Collection entries:
- Opening Delimiter -

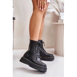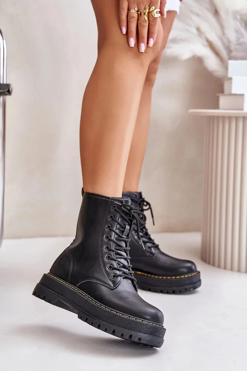 Dámske členkové čižmy vyrobené z ekokože. Majú zips na boku zvršku a šnurovanie. Postavené sú na platforme. Vo vnútri majú zateplenie z deky na topánky. Okrem toho je päta vystužená. Tieto čižmy by nemali chýbať vo vašej skrini! Pri výbere veľkosti sa riaďte tabuľkou veľkostí.
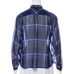Blue Rag & Bone silk top featuring plaid print throughout, and button closures at center front.
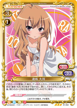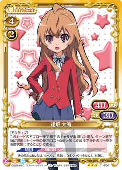 | 〔アクティブ〕このカードがアプローチでポイントを与えた場合、カードを1枚引く。このカードのアプローチで相手のキャラが退場した場合、手札から「逢坂 大河」1枚を場に出すことができる。 | ||
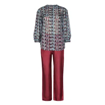 Blue / Red The French Revelation Blouse & Skirt Set In Multi
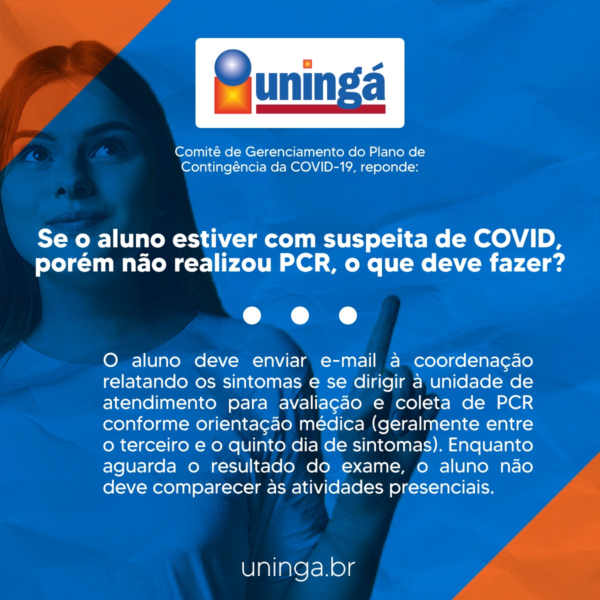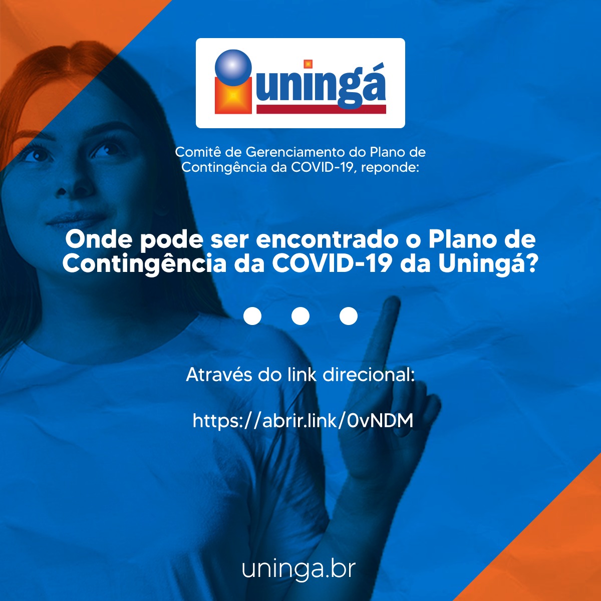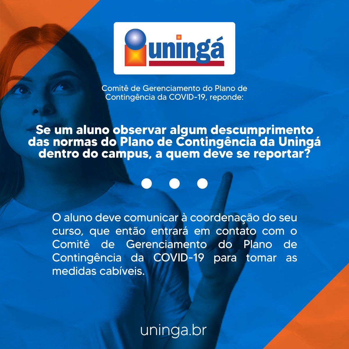 A Uningá trabalha para assegurar a segurança de seus acadêmicos e colaboradores a todo momento, por isso, foi elaborado com um corpo de especialistas o Plano de Contingência a Covid-19, a fim de evitar qualquer disseminação do vírus no campus.

- Closing Delimiter -

→ **Exercise goal**: Repeat the records above exactly. No pictures go into the repeat.

→ **Task response**:
 Dámske členkové čižmy vyrobené z ekokože. Majú zips na boku zvršku a šnurovanie. Postavené sú na platforme. Vo vnútri majú zateplenie z deky na topánky. Okrem toho je päta vystužená. Tieto čižmy by nemali chýbať vo vašej skrini! Pri výbere veľkosti sa riaďte tabuľkou veľkostí.
Blue Rag & Bone silk top featuring plaid print throughout, and button closures at center front.
 | 〔アクティブ〕このカードがアプローチでポイントを与えた場合、カードを1枚引く。このカードのアプローチで相手のキャラが退場した場合、手札から「逢坂 大河」1枚を場に出すことができる。 | ||
 Blue / Red The French Revelation Blouse & Skirt Set In Multi
 A Uningá trabalha para assegurar a segurança de seus acadêmicos e colaboradores a todo momento, por isso, foi elaborado com um corpo de especialistas o Plano de Contingência a Covid-19, a fim de evitar qualquer disseminação do vírus no campus.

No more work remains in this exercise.